Within a class declaration, there should be one section for each member
access level (``public``, ``protected`` and ``private``) if practical.
This may not be possible in cases where private constants and/or types
need to be declared before public members. Members should use the least
public access level necessary. Overridden virtual member functions
should generally use the same access level as the corresponding member
function in the base class.
Class member declarations should be grouped to aid understanding:
* Within a member access level section, constants, types, data members,
instance member functions and static member functions should be
grouped.
* In device classes, configuration member functions should be grouped
separately from live signal member functions.

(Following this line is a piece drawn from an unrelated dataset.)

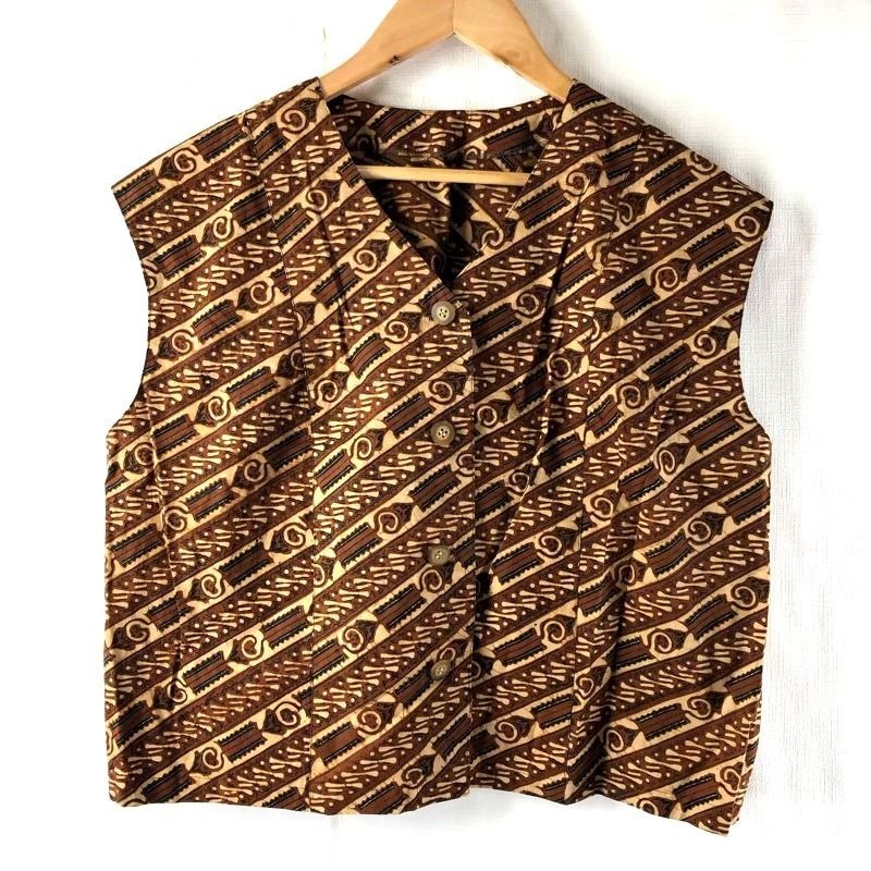 - ベスト 柄プリントフロントボタン Vネック ブラウン系 ベージュ系 2025090300135

* Overridden virtual member functions should be grouped according to the
base classes they are inherited from.
For classes with multiple overloaded constructors, constructor
delegation should be used where possible to avoid repeated member
initialiser lists.
Constants which are used by a device or machine driver should be in the
form of explicitly-sized enumerated values within the class declaration,
or be relegated to ``#define`` macros within the source file. This
helps avoid polluting the preprocessor.